(RECORD EXCERPTS)
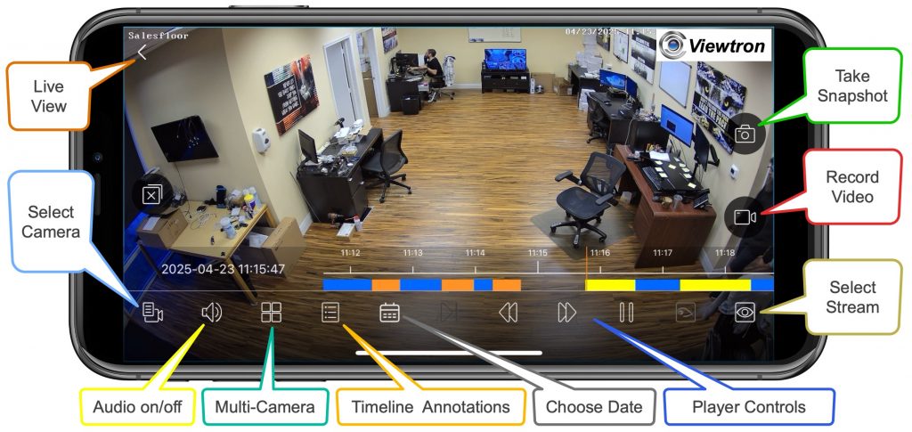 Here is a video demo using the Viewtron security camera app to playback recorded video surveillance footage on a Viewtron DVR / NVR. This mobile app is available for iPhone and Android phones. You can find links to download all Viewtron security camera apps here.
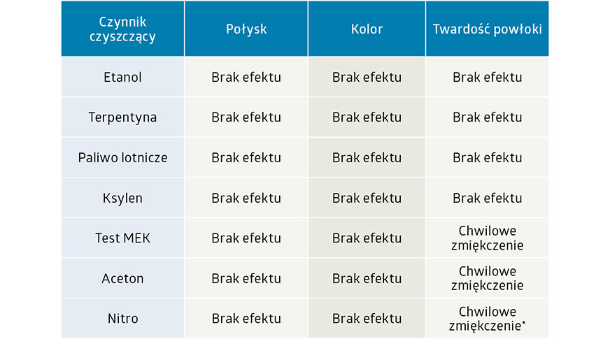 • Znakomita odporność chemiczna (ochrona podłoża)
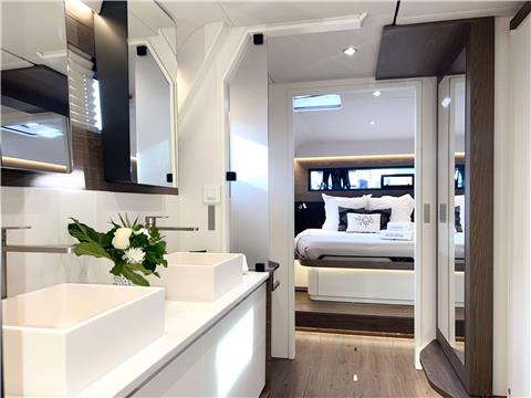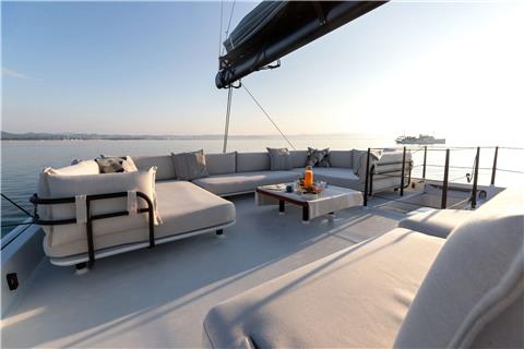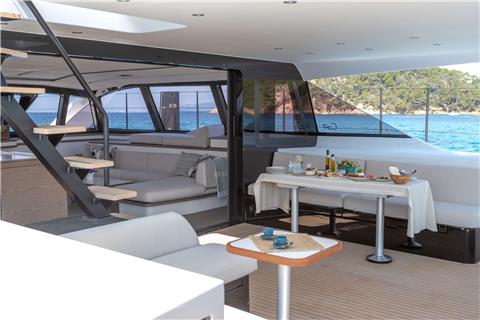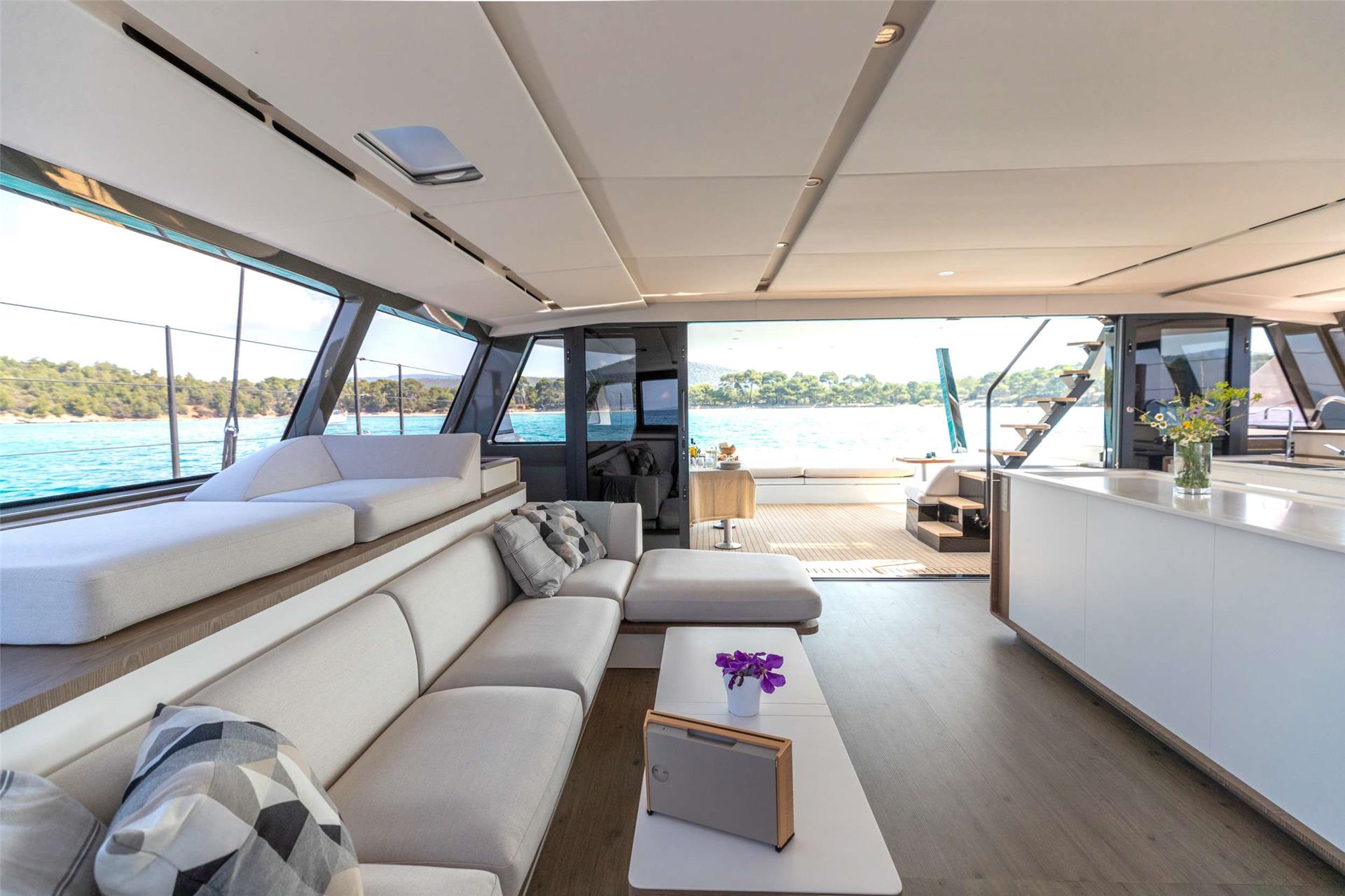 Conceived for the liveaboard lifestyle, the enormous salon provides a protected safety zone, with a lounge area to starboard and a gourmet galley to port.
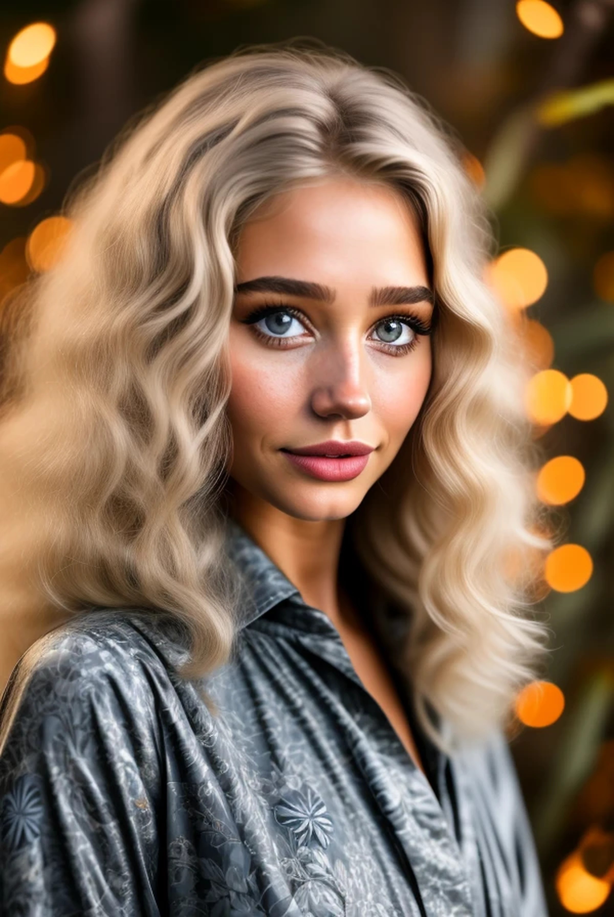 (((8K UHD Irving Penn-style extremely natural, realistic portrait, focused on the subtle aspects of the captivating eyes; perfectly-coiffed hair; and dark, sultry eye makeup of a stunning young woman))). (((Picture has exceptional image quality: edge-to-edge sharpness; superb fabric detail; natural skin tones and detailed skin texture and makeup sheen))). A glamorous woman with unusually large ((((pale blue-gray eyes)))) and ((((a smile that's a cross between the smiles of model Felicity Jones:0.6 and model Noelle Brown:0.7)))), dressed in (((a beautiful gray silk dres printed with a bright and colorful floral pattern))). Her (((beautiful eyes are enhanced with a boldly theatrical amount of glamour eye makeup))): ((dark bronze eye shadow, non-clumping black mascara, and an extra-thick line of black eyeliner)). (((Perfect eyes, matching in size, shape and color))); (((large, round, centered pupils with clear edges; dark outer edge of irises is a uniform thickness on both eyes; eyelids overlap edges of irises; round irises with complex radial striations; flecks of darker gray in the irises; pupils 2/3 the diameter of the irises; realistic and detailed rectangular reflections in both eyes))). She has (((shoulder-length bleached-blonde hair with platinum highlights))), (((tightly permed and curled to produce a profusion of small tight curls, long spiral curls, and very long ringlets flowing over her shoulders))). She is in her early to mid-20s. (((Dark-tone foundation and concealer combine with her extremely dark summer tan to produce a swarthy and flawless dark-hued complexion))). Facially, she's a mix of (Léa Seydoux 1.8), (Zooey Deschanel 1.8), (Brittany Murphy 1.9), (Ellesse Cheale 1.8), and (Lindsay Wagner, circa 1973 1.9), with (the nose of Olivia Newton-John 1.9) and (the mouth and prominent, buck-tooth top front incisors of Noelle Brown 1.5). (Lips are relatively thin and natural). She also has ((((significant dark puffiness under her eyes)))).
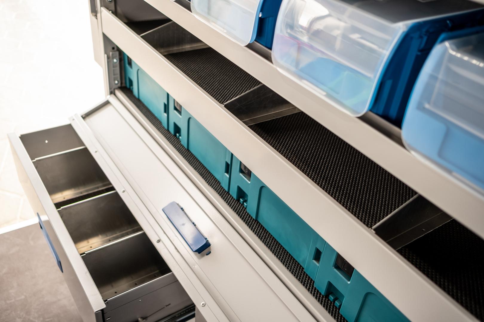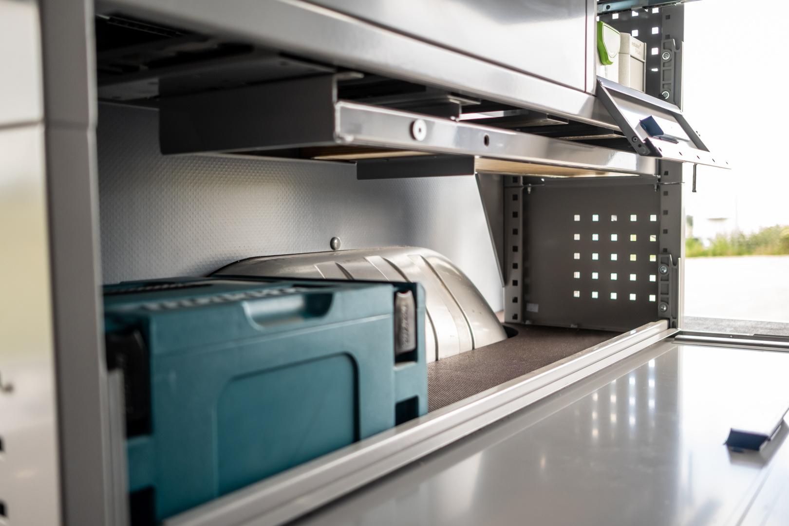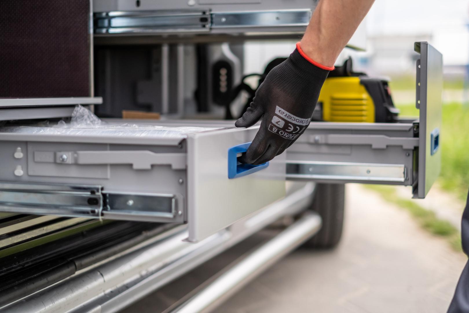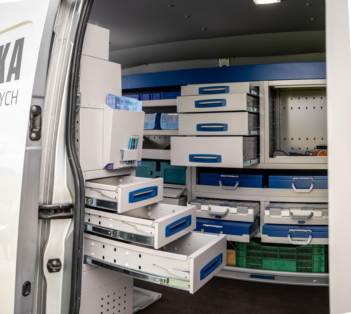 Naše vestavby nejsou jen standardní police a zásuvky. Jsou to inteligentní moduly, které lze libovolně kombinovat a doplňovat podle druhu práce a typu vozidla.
(End RECORD EXCERPTS)
*EXERCISE*.
Repeat each line of the listing word for word, from the first through the line that contains "chemiczna (ochrona podłoża)". Any picture stays out.

*SOLUTION TO THIS EXERCISE*.
 Here is a video demo using the Viewtron security camera app to playback recorded video surveillance footage on a Viewtron DVR / NVR. This mobile app is available for iPhone and Android phones. You can find links to download all Viewtron security camera apps here.
 • Znakomita odporność chemiczna (ochrona podłoża)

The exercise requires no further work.